# Anyone Tried This Product Yet?



## PaulDoug (Oct 13, 2013)

New glue I read about on another forum.  Might be worth a try.


http://www.finewoodworking.com/item/...rniture-makers

Bioformix Products Store


----------



## its_virgil (Oct 13, 2013)

The data sheet identifies it as cyanoacrylate...CA glue.  I would think it would work for gluing tubes. The data sheet identified the color as clear so it would probably work for finishing.
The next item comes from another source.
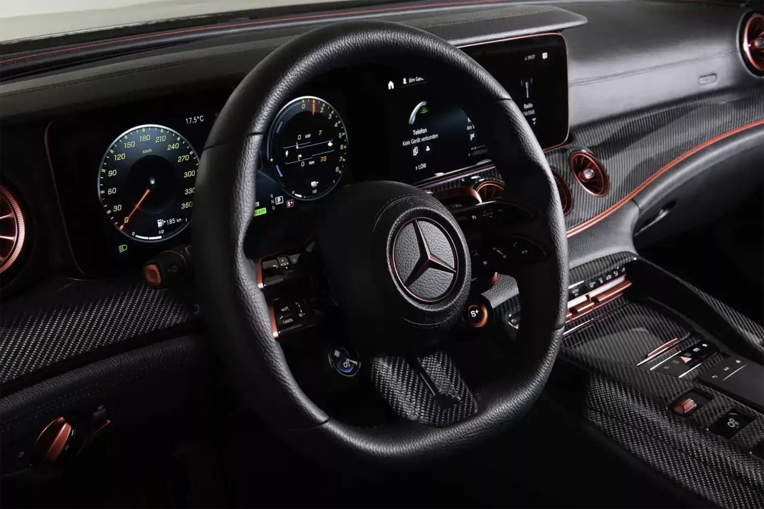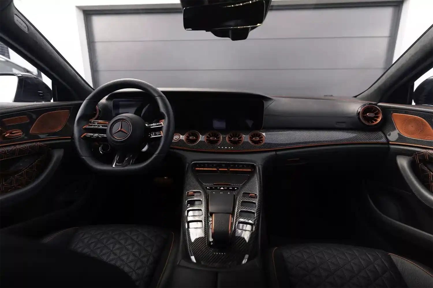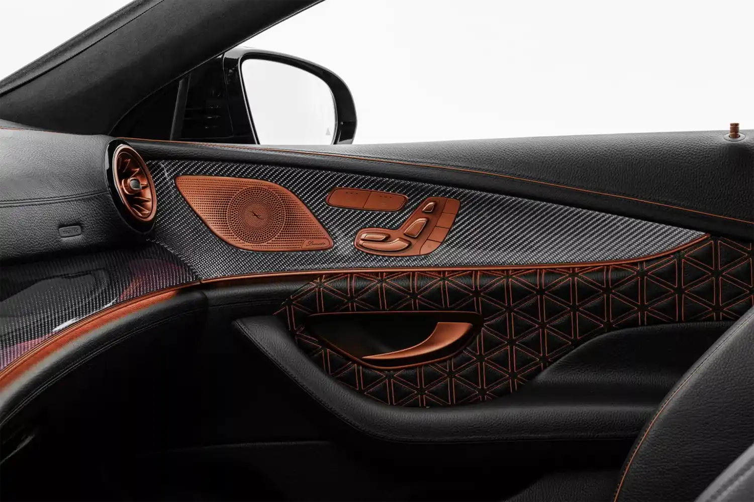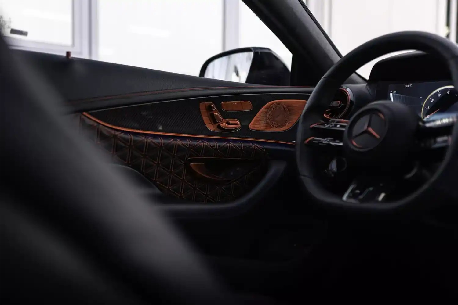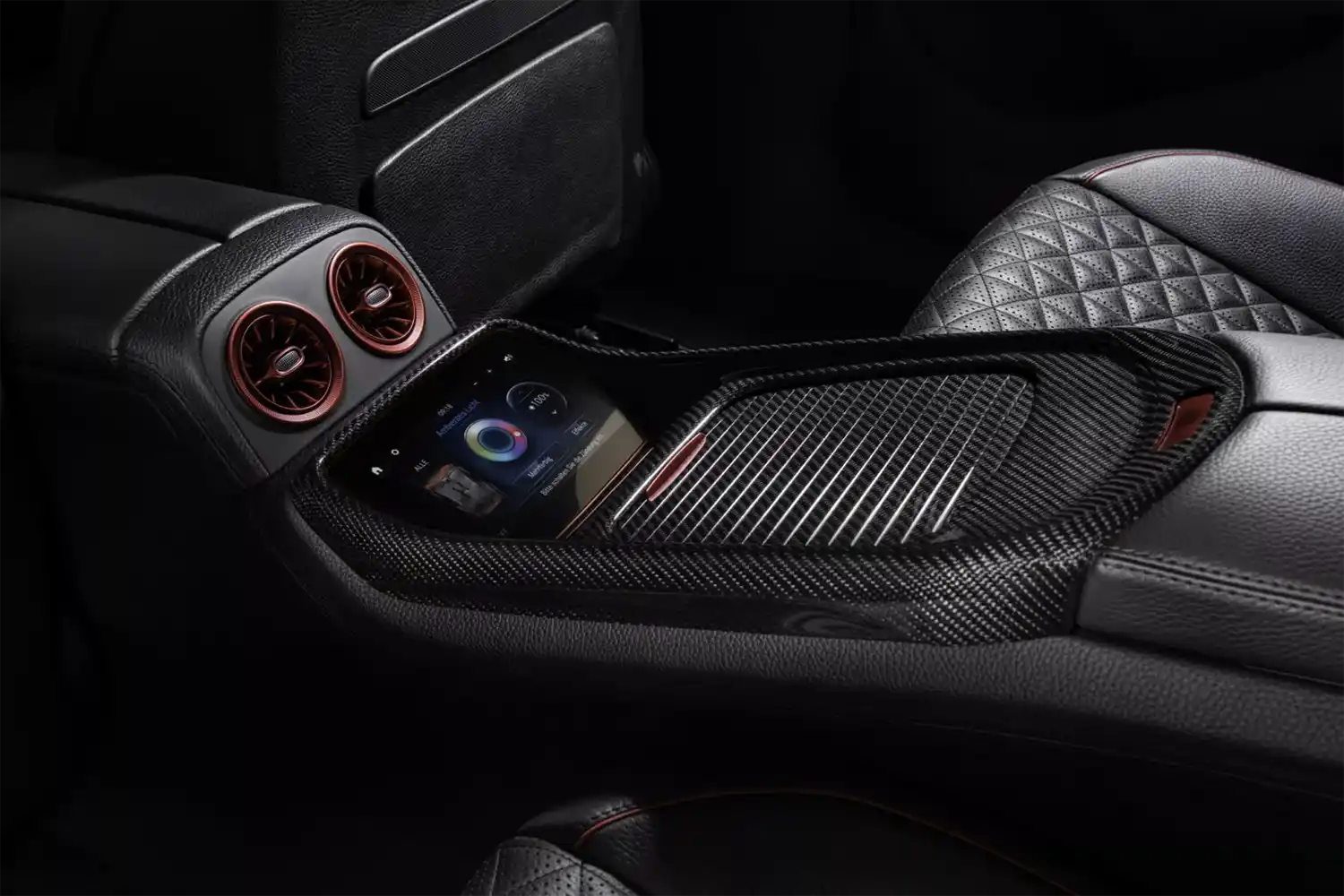 The BRABUS carbon elements in the interior as well as BRABUS door pins and matt anodized aluminum pedals add decidedly sporty highlights. Carbon scuff plates with backlit BRABUS logo that changes colors in sync with the interior ambient lighting round off the innovative interior design. In addition, “ROCKET RED” glazing was applied to numerous cockpit elements from switches and speaker covers to air vents and bezels.
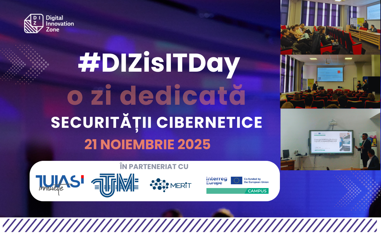 On Friday, 21 November 2025, the “Gheorghe Asachi” Technical University of Iași (TUIASI) hosted #DIZisITDay, an event dedicated to cybersecurity and digital innovation, organized by Digital Innovation Zone EDIH (DIZ), TUIASI, and the Technical University of Moldova (UTM).

Maybe someone has tried it and we will get a report on the quality.
Do a good turn daily!
Don


----------



## Swagopenturner (Oct 13, 2013)

They sent me a sample bottle.  It worked OK, but took longer to dry.  Even when I used an activator it took a long time to harden.  It was clear, and thick like advertised.  I did not get a chance to use it on a pen since I used it up making some cabinets for a customer.  Overall, not bad stuff.  THey need to come out with different viscosities and an activator.  Reasonable prices.


----------



## Ed McDonnell (Oct 13, 2013)

Looking at the MSDS, it's ca glue with a "trade secret" extra ingredient.  This ingredient must be what slows the cure and makes the dried glue permeable to oils / stains.  The fact that the dried glue will absorb oils and stains would make me very reluctant to use it as a finish for pens.  

It sounds like it has the same issues with not being good for filling gaps as regular CA, so it wouldn't be any better than regular CA for gluing tubes.  Except it would be a little slower to cure.  I guess that's worth something to people who regularly get their tubes stuck halfway in the blank.

Seems like pretty pricey stuff.  Almost $8 an ounce.  That's more than twice the price of regular CA.

If I was still building furniture, I might give it a try, but I don't think I would use it for critical joints until it had been successfully used by other people for years.  There are few things worse than having a piece of furniture fall apart because a joint failed  (not that this ever happened to me....I'm just sayin.....:redface

Ed


----------



## LagniappeRob (Oct 13, 2013)

parklandturner said:


> Looking at the MSDS, it's ca glue with a "trade secret" extra ingredient.  This ingredient must be what slows the cure and makes the dried glue permeable to oils / stains.  The fact that the dried glue will absorb oils and stains would make me very reluctant to use it as a finish for pens.
> ...
> 
> Ed



That makes me wonder if it might be decent for those customers that don't want the glassy/plastic-y feel of regular CA.  Might get a bottle to play with...


----------